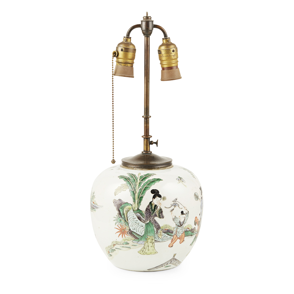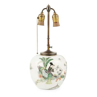 painted with a group of ladies and boys at leisurely pursuits in a garden, converted into a lamp
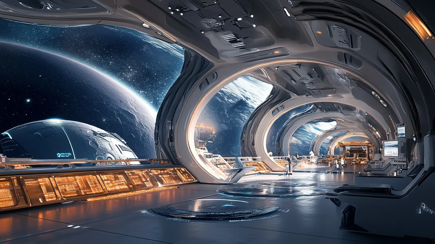 Starbridge Terminal Quantum Docking Nexus - Futuristic Sci-Fi Digital Environment Art for Immersive Visual Projects
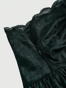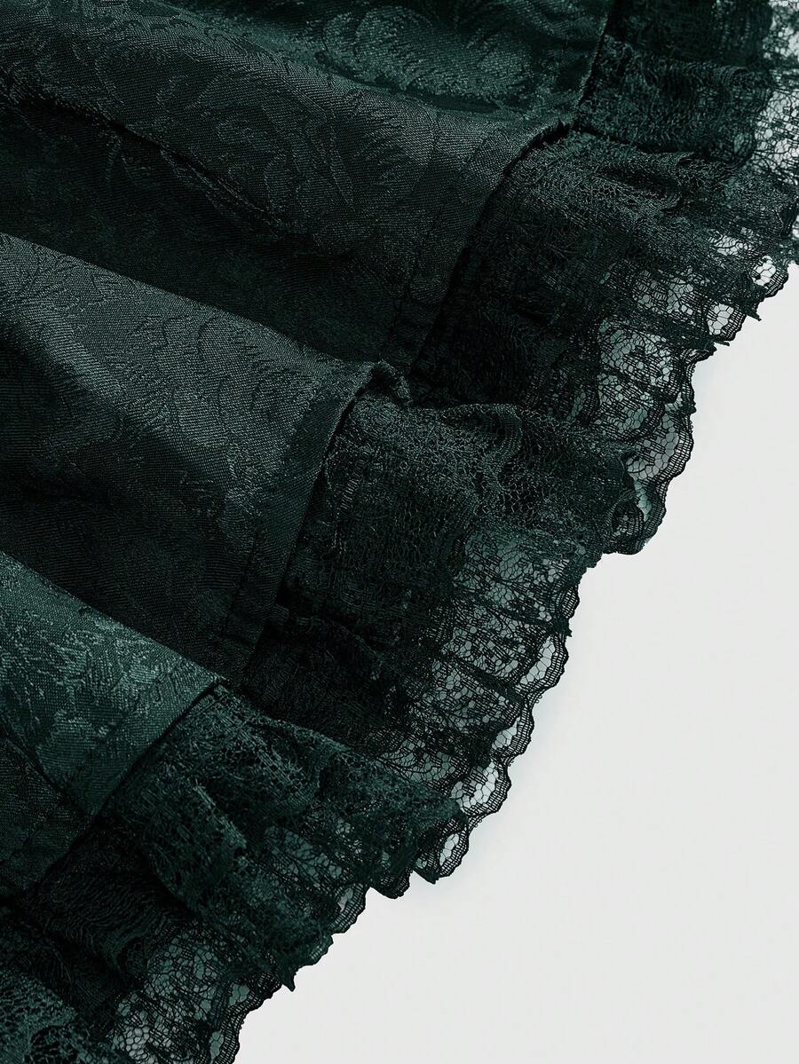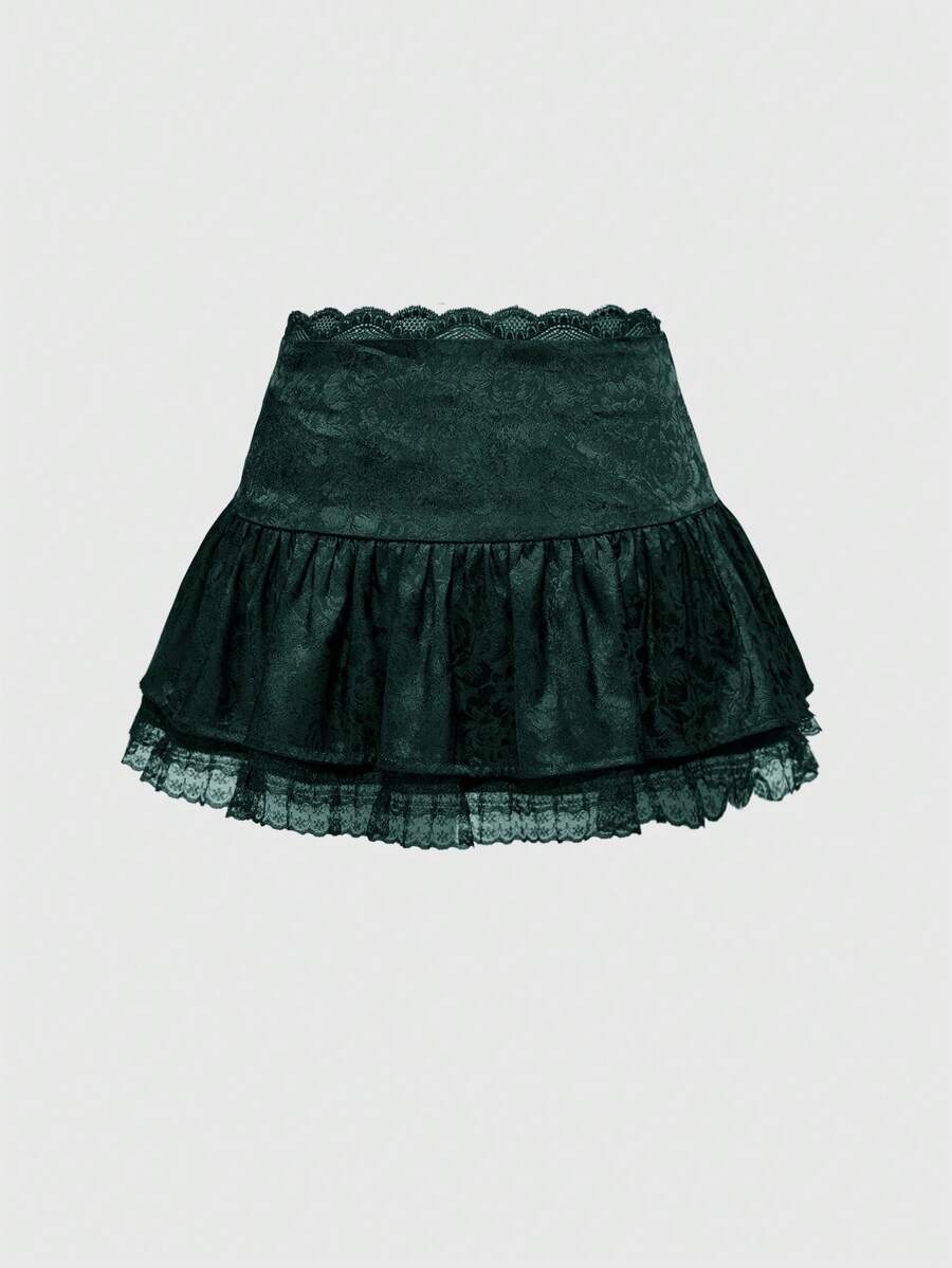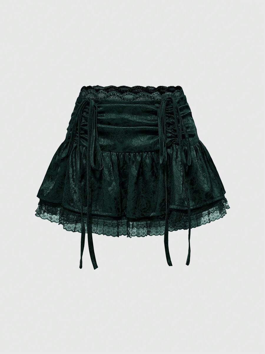 Goth Minifalda de mujer con pliegues en la cintura, adorno de encaje y estilo jacquard de satén en estilo gótico (con leggings incluidos), conjunto de ropa de verano
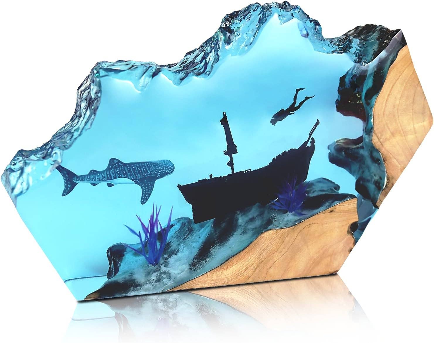 Versunkene Bootharz-Hai-Wal-Lampe Ozean-Nachtlicht-Dekor
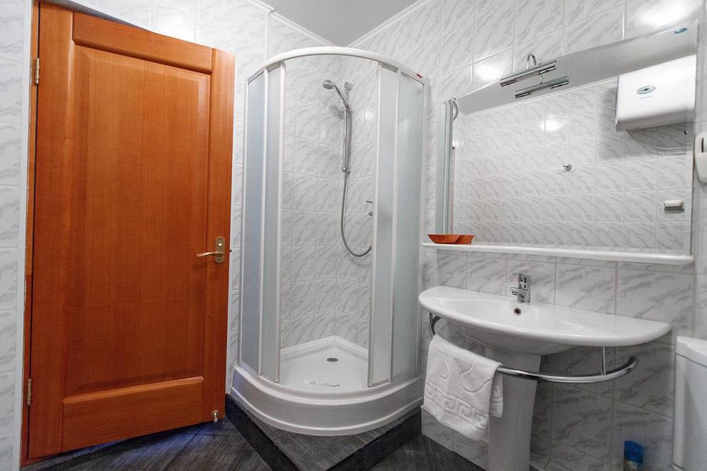 В номере: двуспальная кровать, прикроватная тумба, рабочий стол, стул, подставка под багаж, зеркало , вешалка для верхней одежды, гардероб, кабельное ТВ, доступ в Интернет Wi-Fi (бесплатно), кондиционер, холодильник, чайная станция (чайник, чайный набор, чай, сахар, шоколад). Санузел с душевой кабиной, феном, мини-набором для ванной, тапочки.
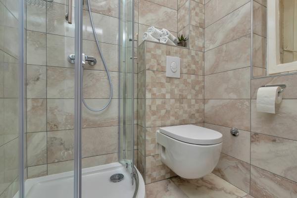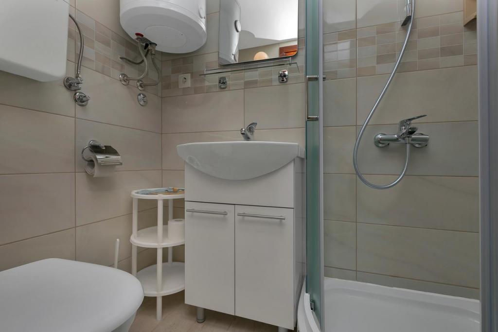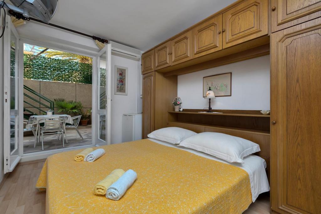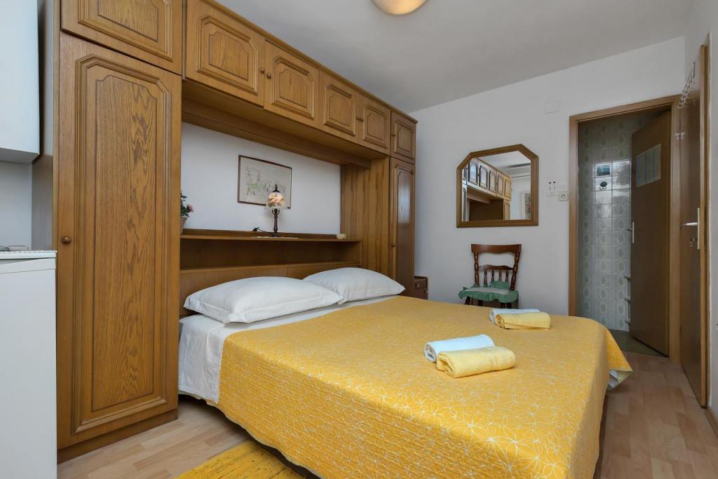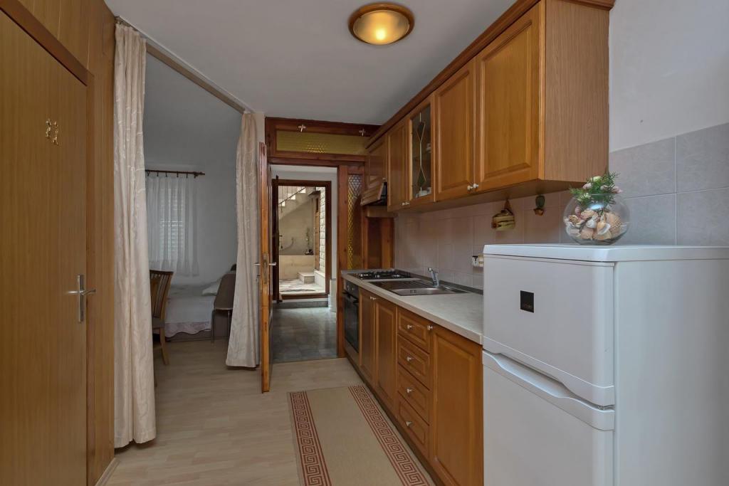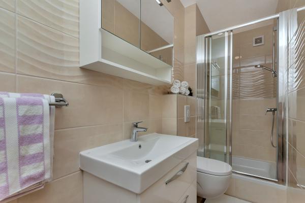 La doar un minut de mers pe jos de plajă! Primul apartament este „apartamentul 4+2” (ID: 58865), pentru 4 persoane cu posibilitatea unui pat suplimentar pentru încă două persoane. Suprafața totală este de 85 m2, cu două dormitoare, un living spațios cu bucătărie, două băi și o toaletă suplimentară. Apartamentul are balcon propriu cu vedere la mare. Al doilea este la același etaj Studioul „Up!” (ID: 58866) pentru două persoane, cu o terasă privată pentru două persoane. Al treilea „apartament 3+2” (ID: 63762) de 65 m2 oferă cazare la parter pentru până la 5 persoane, iar al patrulea Studio „Olive Tree” (ID: 65589) pentru două persoane, tot la parterul casei.
==*==
Task: What you return must match the lines from the top of the data through the line with "Versunkene Bootharz-Hai-Wal-Lampe Ozean-Nachtlicht-Dekor" exactly, with the pictures removed.

Response:
 painted with a group of ladies and boys at leisurely pursuits in a garden, converted into a lamp
 Starbridge Terminal Quantum Docking Nexus - Futuristic Sci-Fi Digital Environment Art for Immersive Visual Projects
 Goth Minifalda de mujer con pliegues en la cintura, adorno de encaje y estilo jacquard de satén en estilo gótico (con leggings incluidos), conjunto de ropa de verano
 Versunkene Bootharz-Hai-Wal-Lampe Ozean-Nachtlicht-Dekor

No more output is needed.